■ MATERIAL PROVIDED:
____
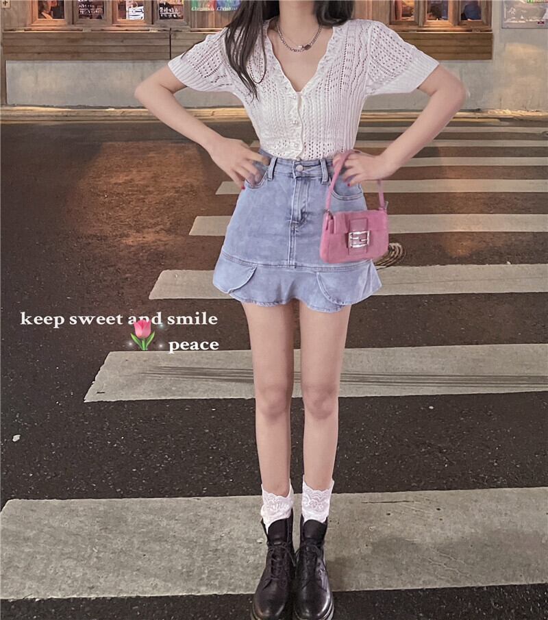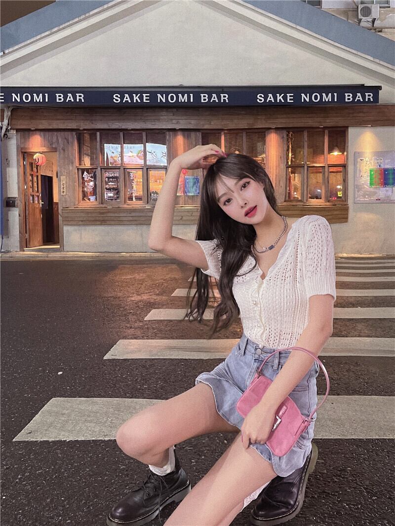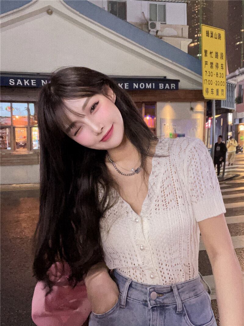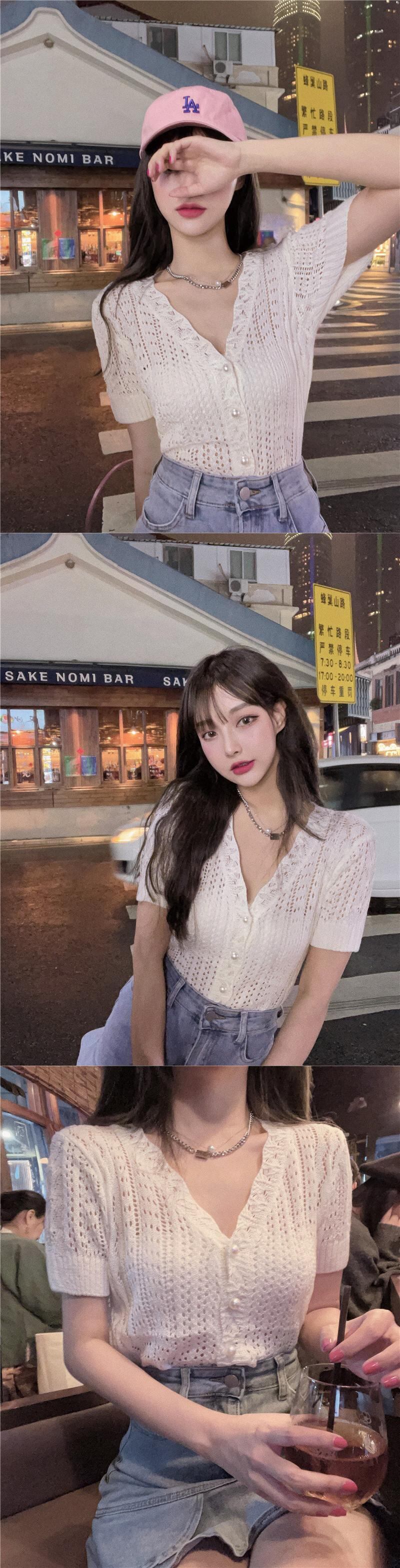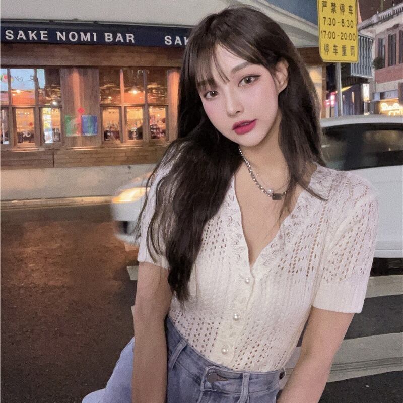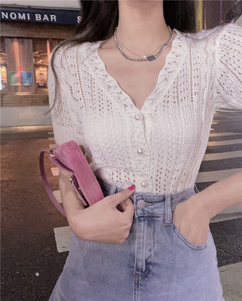 レースニットカーディガン夏服薄手スタイルVネックショートTシャツホワイトトップス 夏物 YY75224302663
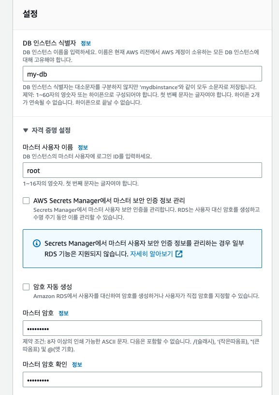 원하는 DB 인스턴스 이름, 마스터 사용자 이름, 암호를 입력해준다
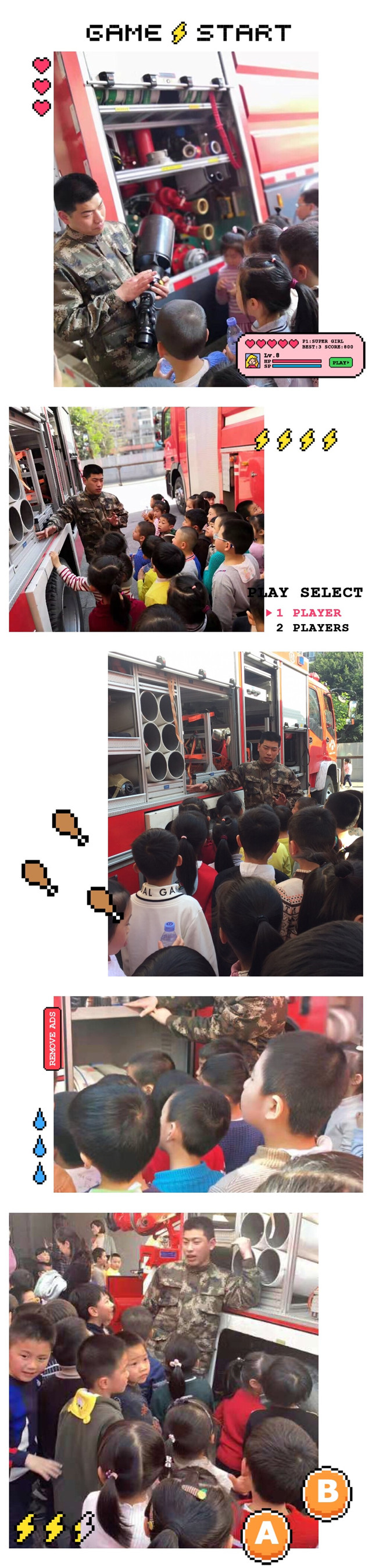 首先,消防员叔叔向小朋友们一一介绍了各种功能不同的消防车辆和消防救生器材。当各种各样的消防器材设备呈现在小朋友的面前时,小朋友们表现出极大的兴趣,好奇地问消防员叔叔:“这个是干什么用的?那个是干什么用的?”消防员叔叔耐心地一一讲解。
____
■ WHAT TO DO: Only one thing is required here: an exact copy of the lines from the one bearing "원하는 DB 인스턴스 이름, 마스터 사용자 이름, 암호를 입력해준다" through the final line above, both included, with pictures left out.

■ WRITTEN SOLUTION:
 원하는 DB 인스턴스 이름, 마스터 사용자 이름, 암호를 입력해준다
 首先,消防员叔叔向小朋友们一一介绍了各种功能不同的消防车辆和消防救生器材。当各种各样的消防器材设备呈现在小朋友的面前时,小朋友们表现出极大的兴趣,好奇地问消防员叔叔:“这个是干什么用的?那个是干什么用的?”消防员叔叔耐心地一一讲解。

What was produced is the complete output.